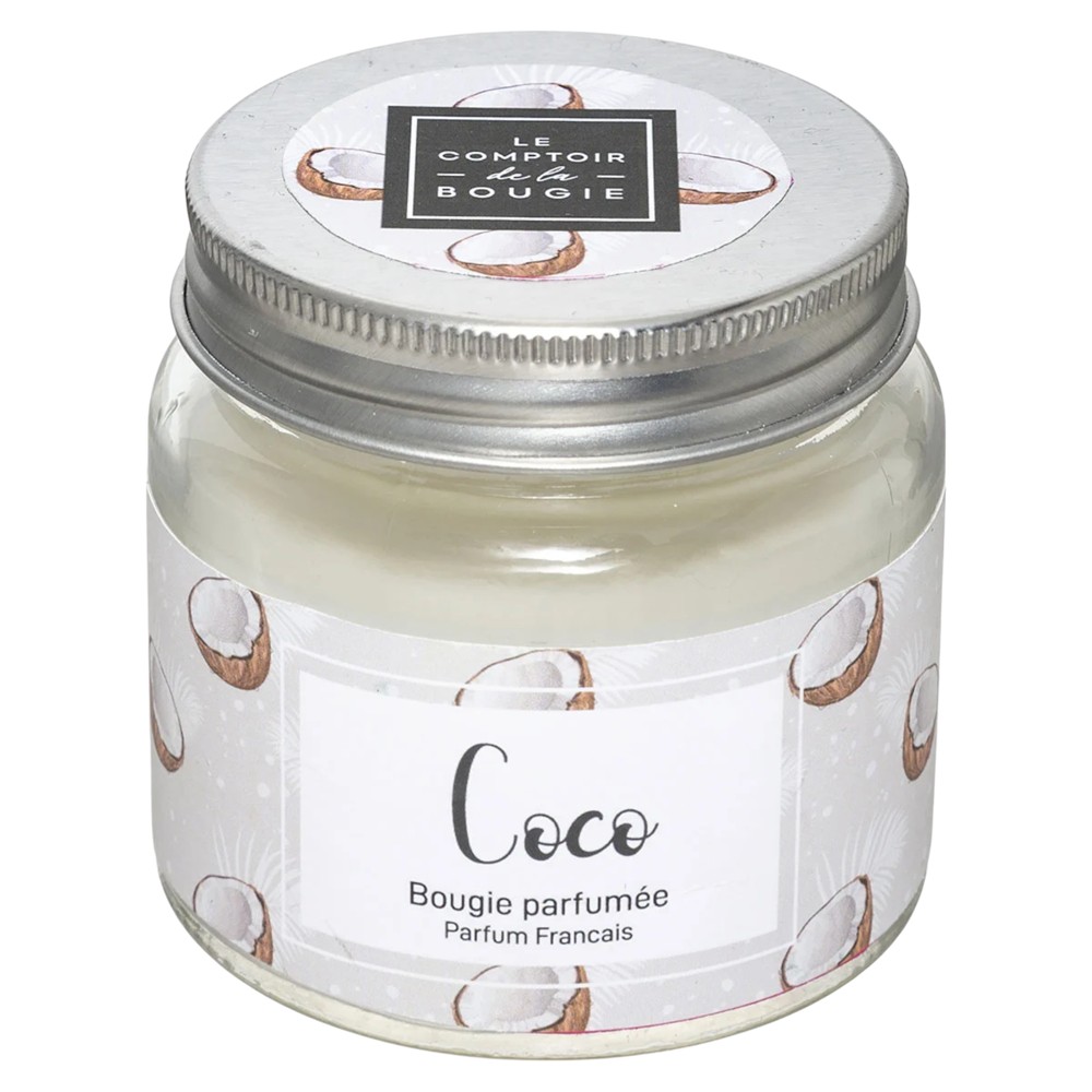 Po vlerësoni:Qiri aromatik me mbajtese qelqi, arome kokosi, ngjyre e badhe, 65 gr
--
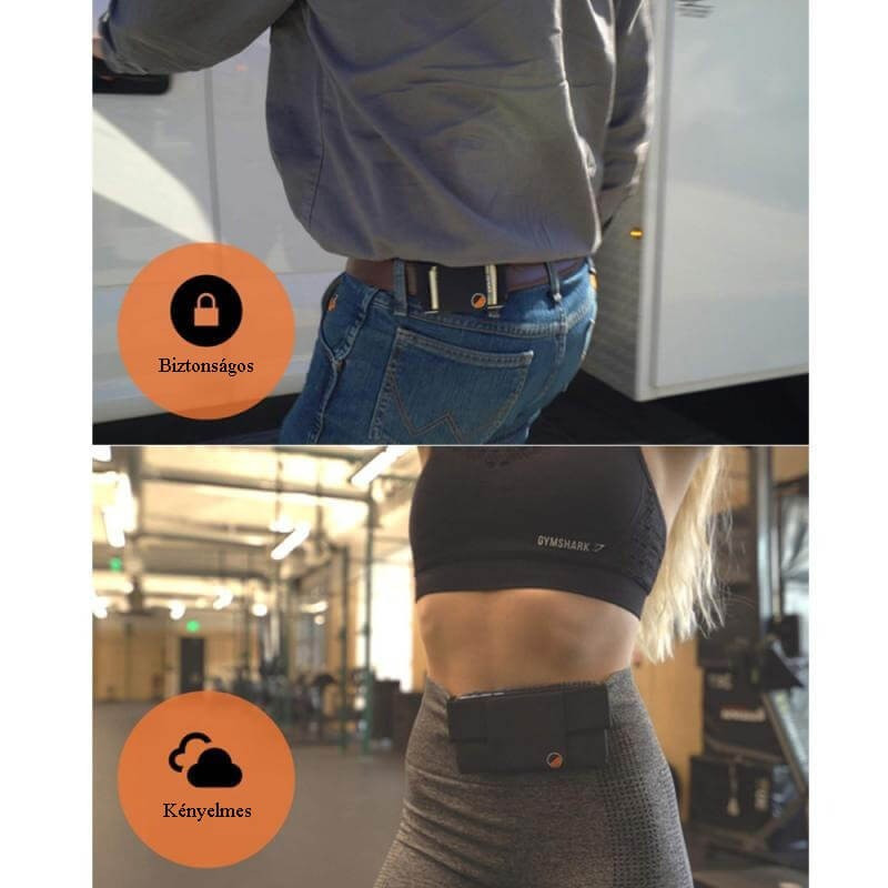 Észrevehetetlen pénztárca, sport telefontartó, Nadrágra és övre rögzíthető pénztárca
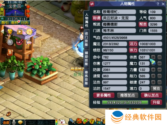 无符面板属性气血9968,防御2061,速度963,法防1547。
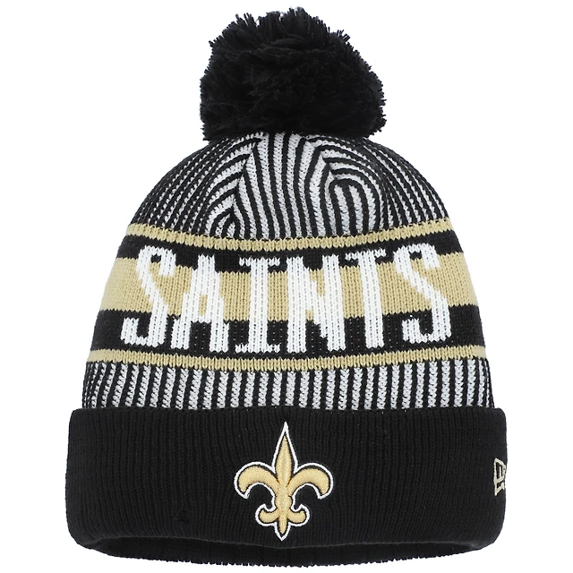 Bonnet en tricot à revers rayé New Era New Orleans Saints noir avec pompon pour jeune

** Task requirements **
Transcribe, word for word, the lines of the listing above from the one that contains "无符面板属性气血9968,防御2061,速度963,法防1547。" through the one that contains "Bonnet en tricot", keeping both ends and dropping the pictures.

** Answer to this problem **
 无符面板属性气血9968,防御2061,速度963,法防1547。
 Bonnet en tricot à revers rayé New Era New Orleans Saints noir avec pompon pour jeune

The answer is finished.